On the Come Up Review: Once Upon a Rap

The film is a fable about the merits of selling out versus those of staying true to oneself.

On the Come Up
Photo: Paramount Pictures

Sanaa Lathan’s On the Come Up tells the story of Brianna Jackson (Jamila C. Gray), a 16-year old rapper, though it has to compete with Brianna herself, who does more than her share of telling. “Once upon a time there was a girl named Bri,” she says, in voiceover, as if bracing us for a fairy tale. Indeed, though the film is set in the decidedly non-magical neighborhood of Garden Heights, it gets by on the lows and fanciful highs that hold court in that genre. Brianna’s deceased father, who went by the sobriquet of “Lawless,” was a local legend, and she makes regular pilgrimages to a vast mural of him, painted on the side of a warehouse.

After her husband’s death, Brianna’s mother, Jayda (Lathan), became mired in addiction, temporarily leaving Brianna and her brother, Trey (Titus Makin), in the care of their grandparents. The relationship between mother and daughter still bears the cracks of that early abandonment, and Brianna, as if insuring herself against future trouble, hedges her parental bets. She spends much time with her Aunt Pooh (Da’Vine Joy Randolph), who drives a lime-green Oldsmobile, deals drugs, and keeps a gun tucked in her waistband. As bets go, she’s hardly the safest, but it’s Pooh who supports Brianna’s lyrical talents, taking her to a nearby club where rap battles are held. “This is the ring,” Brianna tells us, “the Hunger Games of hip-hop.”
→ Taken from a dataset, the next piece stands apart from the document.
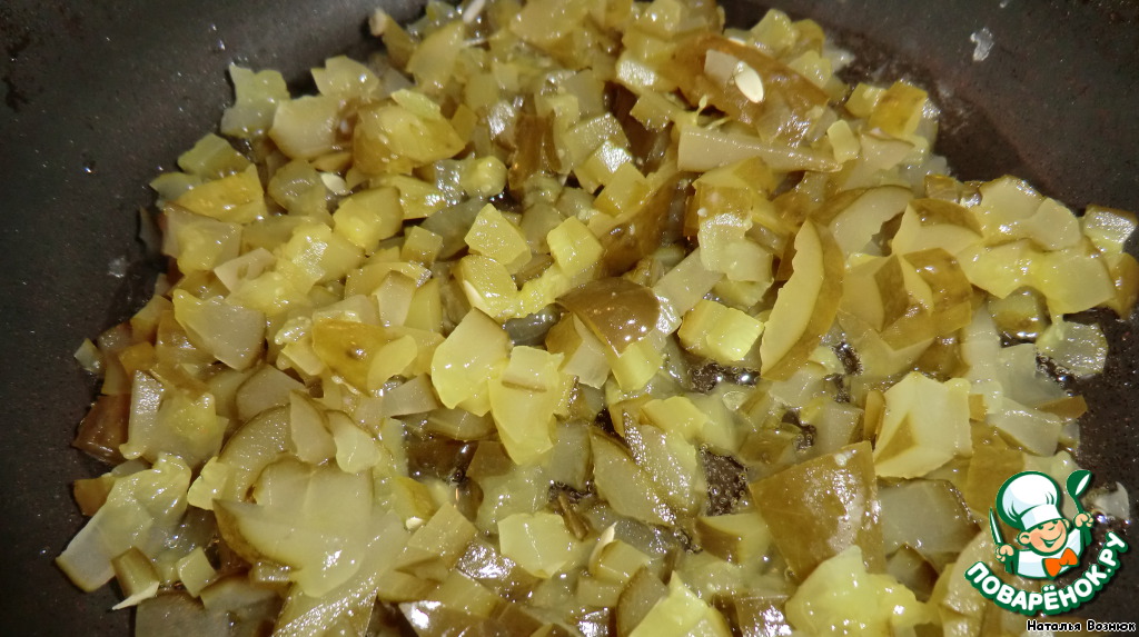 Тем временем огурцы режем мелкими кубиками и отдельно обжариваем на сковородке с растительным маслом, и тушим, добавив немного воды.

It’s a clunky line, like an ill-fitting elevator pitch. The film was adapted by Kay Oyegun from Angie Thomas’s young-adult novel of the same name. While it would be a thrill to report that Brianna, in solidarity with the heroine of The Hunger Games, equips herself with a longbow and butts heads with her oppressors, no such twists are in store. The arrows remain strictly verbal.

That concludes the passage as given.